April’s here Posted on April 9, 2015

Beaulieu-sur-Mer

We have been planning and nurturing our son-in-law’s and daughter’s garden by the sea (the Mediterranean one) for ten years now. The dream is now a fact, but I still have to pinch myself to believe that we conjured into being these terraces, this tunnel of vines, these whispering cascades, the pool, the olives and cypresses and curtains of green and blue rosemary covering the stone walls, this bounty of lemons, the irises, the agapanthus, the jasmine whose clustered flower-buds are clots of Imperial purple peeped through with white, its scent hanging heavy all around.

Above all, though (and not conjured by us) the view to Cap Ferrat across the bay hundreds of feet below. I get up in the night to gaze at it under the moon.

Just along the coast at Menton is the garden that Lawrence Johnston, the creator of Hidcote, was planting at the same time in the 1920s and ‘30s. He gave Hidcote to the National Trust in 1948 and moved here, continuing to embellish his Menton hillside almost up to his death in 1958. Last year in April I found a sad notice at the gate, ‘Fermé a` cause des intempéries’, the French word for the weather the BBC calls ‘atrocious’. Big trees, some of them extremely rare, were brought down in the gales. But gales are sometimes blessings in disguise: no one feels authorized to thin out historic overplanting when the specimens are important originals. A decision made by fate can be a relief, and certainly this year the garden is in better shape, with more space and light in some overcrowded parts.

Like Hidcote, Le Serre de la Madone was made from scratch on farmland – in this case up a steep valley at right angles to the coast, not for the sea view. The two gardens seem to have little in common. La Madone is essentially a series of twenty hillside terraces, some quite narrow paths, linked by wide-spaced flights of steps and hairpin bends at each end. There are plateaux at the top and near the bottom for pools, conservatories and a little box-edged formality, but the essence is the south-west-facing slope as a sheltered home for Johnston’s exotic finds, planted in what now seems a random medley with the native flora. Half the flowers you will recognize from English gardens; Hidcote for example. Half leave you (or rather me) struggling to pronounce their multi-syllabic labels, or to trace the origin of sweet exotic scents.

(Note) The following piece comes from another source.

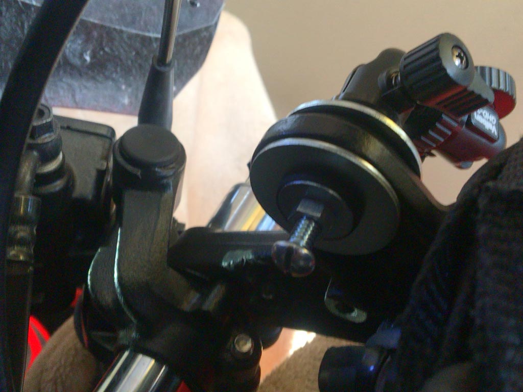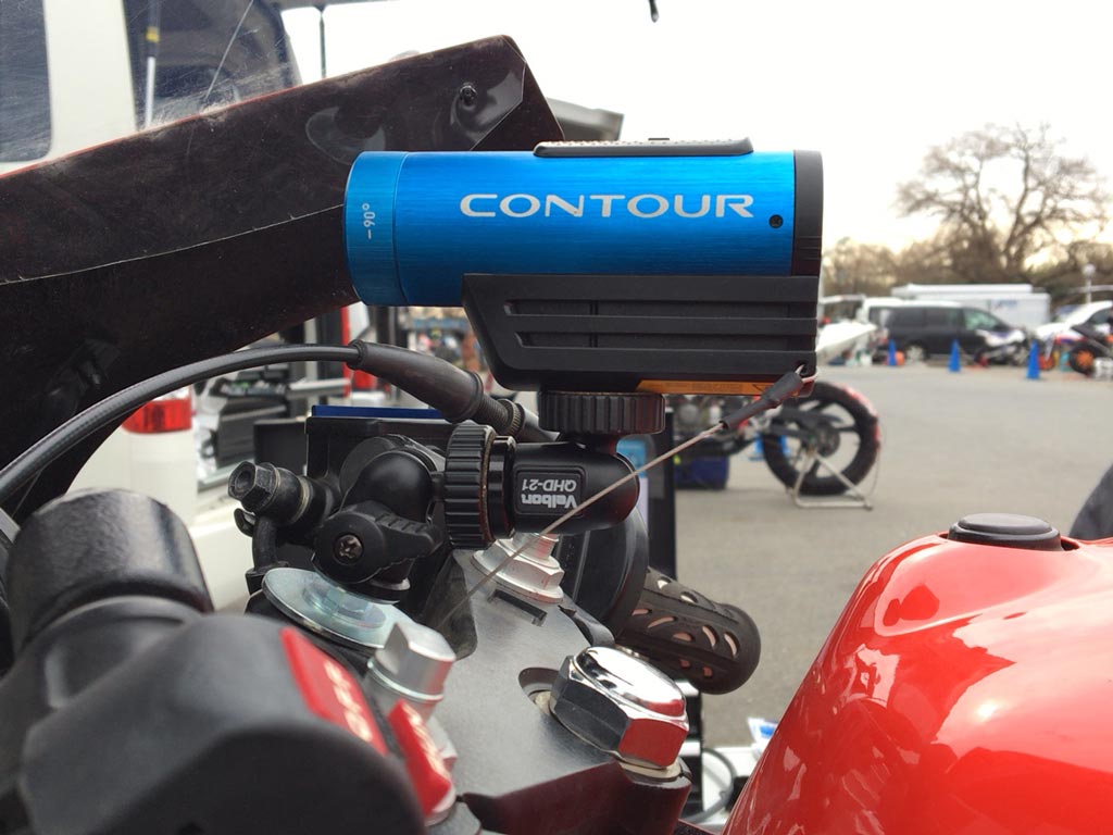 吸盤のをタンクに貼ってた時は思い切り伏せるとたまに当ってしまってたのだけど、この位置なら当らないしメーター周りとラインなんかの欲しい情報は全部入るので良い感じ。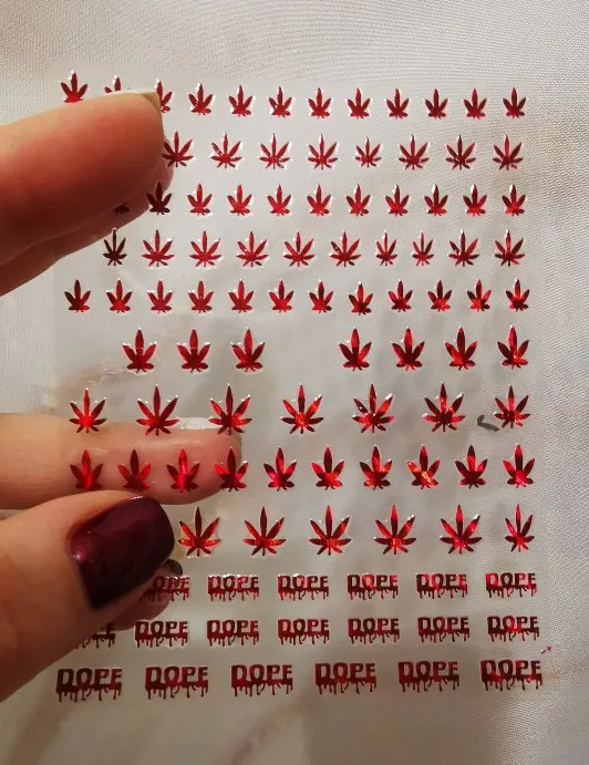 Кленовая листовая наклейка для дизайна ногтей, самоклеящаяся наклейка красного и зеленого цвета в горшке, травяной лист, украшение для ногтей, аксессуары для маникюра, инструмент для дизайна

On the lower terraces I stopped and pondered a marvelous perfume until I realized that little cream and yellow freesias had naturalized on a whole bank among irises and acanthus, and teucrium and rosemary.

I tried to imagine Johnston and his famous little pack of dogs wandering on the hill to decide where some rarity collected in China or South or East Africa was to go. I’m sure he had the pot in one hand and his spade in the other. As a bachelor with twenty three servants he didn’t lack help, yet he is remembered as an ascetic and even a loner. He can have had little idea of how big some of his trees were to grow. Hidcote is considered, calm; a masterpiece in entrances and enclosures, masses and voids, that set the garden room fashion many of us still follow. La Madone is more a gallery of curiosities, long left to their own devices, now being carefully restored and replenished by an evidently inspired new and local gardener-botanist, Claude Antoniazzi.

It is still early in the season. Ceanothus and the spires of echiums are blue, a wide slope by the villa is a sea of orange-red chasmanthe from South Africa, spidery little flowers on iris underpinnings, but not much is yet in flower, and a great deal not yet in leaf. Spring on the Riviera is no match for a northern spring, the breaking of an iron grip, the restoration of green to a bare landscape. It is another phase in a cycle of benevolence, now gently under way.

The picture that has changed most, perhaps, is in town on the market stalls, now piled high with every plant that’s good to eat. Beautiful little yellow potatoes, mounds of dewy spinach, tomatoes from miniature to deep-grooved monsters, bunches of little turnips, white tinged purple, onions of all sizes, red and white, beans like green matchsticks, cucumbers and courgettes, carrots scrubbed and gleaming, white garlic and chicory and mushrooms, beetroots in leafy bunches, six kinds of lettuce, mesclun, rocket, herbs, artichokes, aubergines and avocados, asparagus from the Durance just up the road. Everything proudly labeled ‘France’. No kale. France rightly eschews curly Scottish cabbage as cattle fodder.